ISC Member Update from the CEO – September 2024
Having joined ISC just one month ago I have made it a priority to get on the road and meet as many of our members as I can in old-school face-to-face meetings. My primary aim during these meetings is to listen. For those of you I have not yet met, this message provides an opportunity to introduce myself, to say why I joined the ISC, and offer some initial thoughts on how I can serve you in this new role.
My career to date has included founding two successful businesses, serving as Head of Sustainable Development for ANZ Bank and as Melbourne’s Chief Resilience Officer. I joined the ISC from PwC Australia’s Energy Transition team. At every stage I have aimed to harness the talent and commitment of dedicated teams to achieve transformational outcomes for individuals, corporates and governments.
Leading the ISC feels like a fitting and logical extension. I’ve long been an informed admirer, closely watching the ISC’s purpose, its work, and its role in shaping a structured approach to sustainability for our sector. I am energised by the tremendous team and the standout culture we have internally. But I didn’t take on this role to stand still. We have much to do to assist our members and users to achieve ever-better sustainability outcomes, in ever-more effective ways.
Also, Infrastructure matters. It consumes, embodies and enables some 70% of Australia’s and 50% of Aotearoa New Zealand’s emissions. While carbon is critical, it is just one of many ways that infrastructure affects the sustainability of communities. Through the IS Ratings and the enabling of our wider ecosystem through training and collaborative capability development of our membership, the ISC has established a world class framework for shaping, reporting, and incentivising the best intentions of the infrastructure sector, across some 36 aspects in 16 social, economic, environmental, and governance categories.
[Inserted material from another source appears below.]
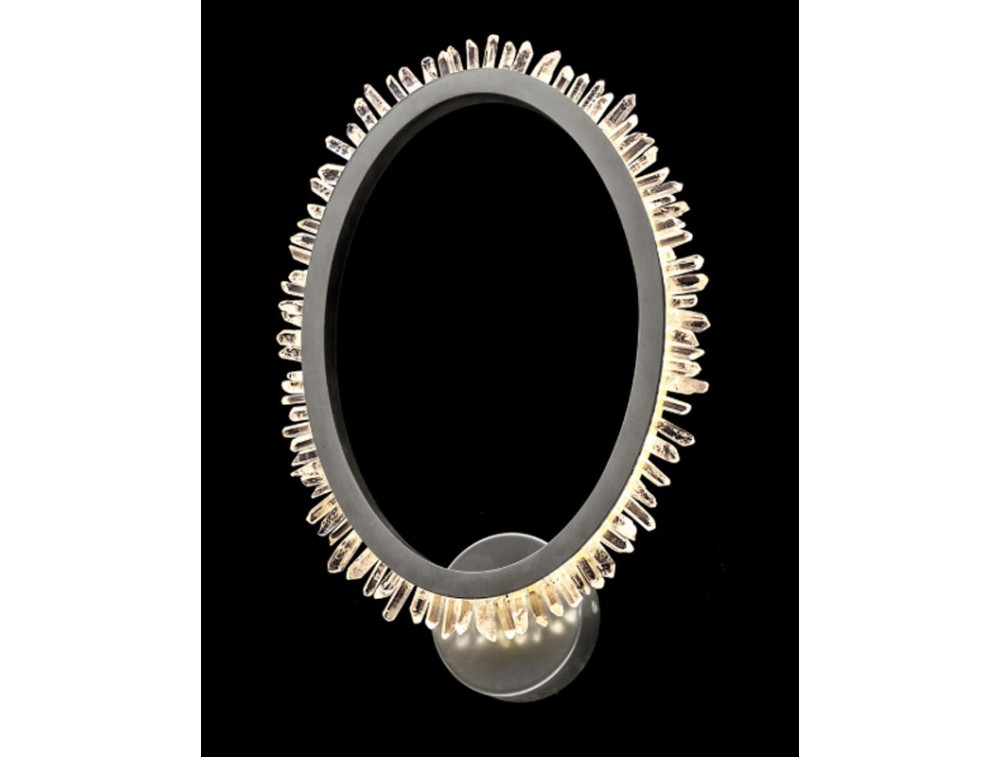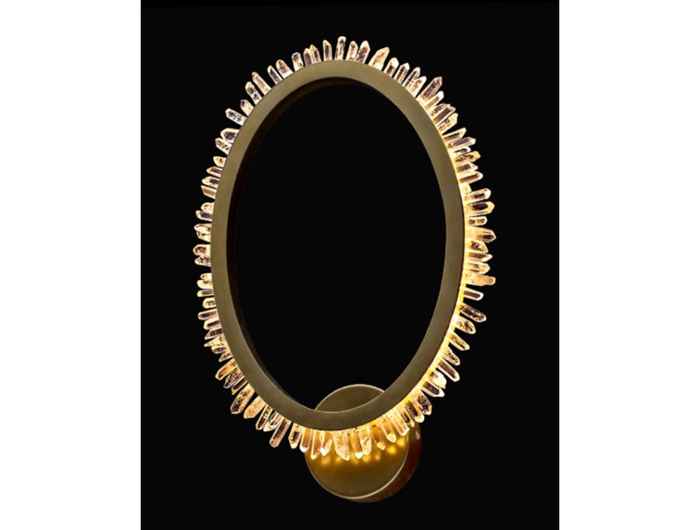 Wand- oder Deckenleuchte aus Quarzkristallen, die in zwei satinierten Metallringen gefasst sind. Ideal zur Dekoration und Beleuchtung von Küchen, Wohnzimmern, Schlafzimmern und Fluren. Erhältlich in satiniertem Gold oder satiniertem Nickel.

I cannot overstate the importance of a verification system that provides the evidence of sustainable outcomes, regardless of whether they are funded by the taxpayer or by investors subject to ESG disclosure regulation. Australia’s Infrastructure Policy Statement is crystal clear about the need for infrastructure to serve the communities they connect, and to do so sustainably. In New Zealand…the newly-announced National Infrastructure Agency will apply a fresh focus to the value that infrastructure will deliver in partnership with private investors.
Furthermore – and perhaps ultimately most important – the ISC provides an actively -managed pathway for whole-of-market transformation. We do this by:
- encouraging and celebrating innovation that delivers sustainability outcomes
- disseminating knowledge through case studies, training, events and webinars
- socialising it as “best practice” through the ratings tools,
- normalising it as “better BAU” when we upgrade the ratings,
- and standardising it when this leads to formal regulation.
I’d also like to highlight some recent and upcoming initiatives:
- IS Planning provides early-stage identification and costing of sustainability initiatives, and pull-through certainty into tendering and contracts right through the supply chain.
- IS Essentials offers a cost-effective reduction in complexity and scale, opening the benefits of an IS rating to projects under $100million – without losing the core purpose.
- Our Sustainability Capability Framework provides guidance for identifying, attracting and retaining desperately needed talent in the construction sector.
- The Connect Conference in Sydney from 22-24 October is the focal event, bringing together the whole ISC ecosystem to take stock, celebrate innovation and outstanding leaders, build connections and to look forward together. Please come and find me at the Conference if you have questions, concerns, requests or recommendations.
- We’re keen to capture more of the value of our collective thought leadership – building on both our working groups and other topic-specific engagements such as our supplier and circularity workshops, and converting these into a more proactive policy and communications strategy that aims to move the policy needle towards delivering more sustainable outcomes
To all of you – member organisations and individuals – that have provided the support and personally put in the hard yards on all of these initiatives – a personal thank you: you’ve set a high bar.
I’m eager to hear first-hand about life at the coalface for ISC members. These are clearly challenging times, and while we have a great foundation there is much that the ISC wants to and can do better. Please tell me where we can help in tackling the complexities and challenges associated with delivering and managing socially equitable, net zero, and nature positive infrastructure.
In closing, I’m delighted to have joined the ISC, I will continue to meet with you to discuss where you’d like us to focus our attention, and I look forward to working together to deliver infrastructure that connects, protects and empowers the communities we serve.